__What the task asks__:
Make an exact copy of the listing so that no picture is carried over.

__Dataset content__:
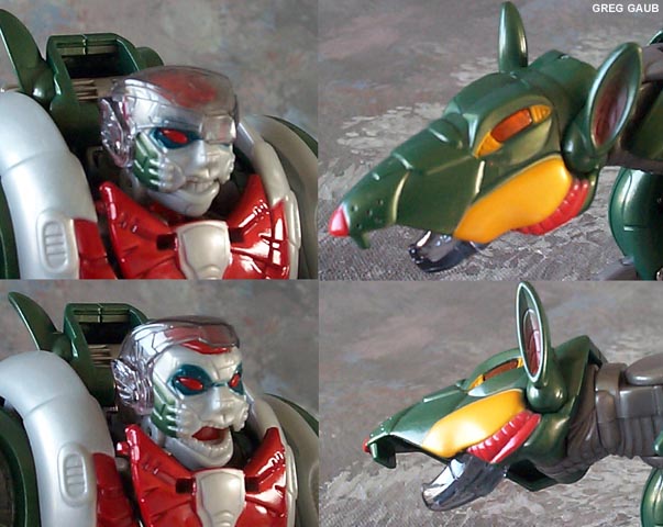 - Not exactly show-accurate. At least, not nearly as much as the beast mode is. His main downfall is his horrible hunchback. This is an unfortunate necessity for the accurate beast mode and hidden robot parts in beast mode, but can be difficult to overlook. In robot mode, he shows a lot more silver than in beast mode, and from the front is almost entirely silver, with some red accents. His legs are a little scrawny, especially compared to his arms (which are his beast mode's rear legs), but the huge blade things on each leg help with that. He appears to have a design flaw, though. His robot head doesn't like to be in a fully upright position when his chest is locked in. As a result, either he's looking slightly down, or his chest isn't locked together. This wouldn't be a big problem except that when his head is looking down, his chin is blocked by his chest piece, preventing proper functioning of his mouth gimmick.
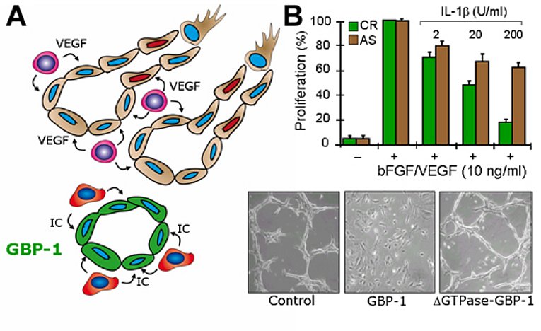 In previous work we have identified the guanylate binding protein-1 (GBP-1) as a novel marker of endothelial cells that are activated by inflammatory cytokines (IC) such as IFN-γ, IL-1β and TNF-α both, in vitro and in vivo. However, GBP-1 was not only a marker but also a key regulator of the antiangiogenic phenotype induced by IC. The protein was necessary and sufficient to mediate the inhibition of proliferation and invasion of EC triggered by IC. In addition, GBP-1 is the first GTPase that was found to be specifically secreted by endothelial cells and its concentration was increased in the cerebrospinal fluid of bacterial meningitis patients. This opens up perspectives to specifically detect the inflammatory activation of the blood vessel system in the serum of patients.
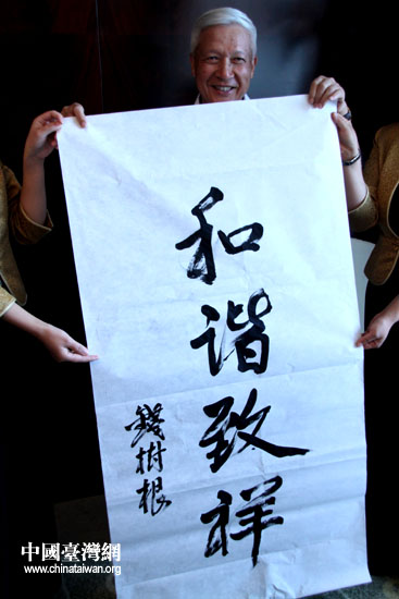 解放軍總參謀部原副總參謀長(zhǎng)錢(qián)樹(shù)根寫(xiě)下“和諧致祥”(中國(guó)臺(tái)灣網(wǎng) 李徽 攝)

__Task answer__:
 - Not exactly show-accurate. At least, not nearly as much as the beast mode is. His main downfall is his horrible hunchback. This is an unfortunate necessity for the accurate beast mode and hidden robot parts in beast mode, but can be difficult to overlook. In robot mode, he shows a lot more silver than in beast mode, and from the front is almost entirely silver, with some red accents. His legs are a little scrawny, especially compared to his arms (which are his beast mode's rear legs), but the huge blade things on each leg help with that. He appears to have a design flaw, though. His robot head doesn't like to be in a fully upright position when his chest is locked in. As a result, either he's looking slightly down, or his chest isn't locked together. This wouldn't be a big problem except that when his head is looking down, his chin is blocked by his chest piece, preventing proper functioning of his mouth gimmick.
 In previous work we have identified the guanylate binding protein-1 (GBP-1) as a novel marker of endothelial cells that are activated by inflammatory cytokines (IC) such as IFN-γ, IL-1β and TNF-α both, in vitro and in vivo. However, GBP-1 was not only a marker but also a key regulator of the antiangiogenic phenotype induced by IC. The protein was necessary and sufficient to mediate the inhibition of proliferation and invasion of EC triggered by IC. In addition, GBP-1 is the first GTPase that was found to be specifically secreted by endothelial cells and its concentration was increased in the cerebrospinal fluid of bacterial meningitis patients. This opens up perspectives to specifically detect the inflammatory activation of the blood vessel system in the serum of patients.
 解放軍總參謀部原副總參謀長(zhǎng)錢(qián)樹(shù)根寫(xiě)下“和諧致祥”(中國(guó)臺(tái)灣網(wǎng) 李徽 攝)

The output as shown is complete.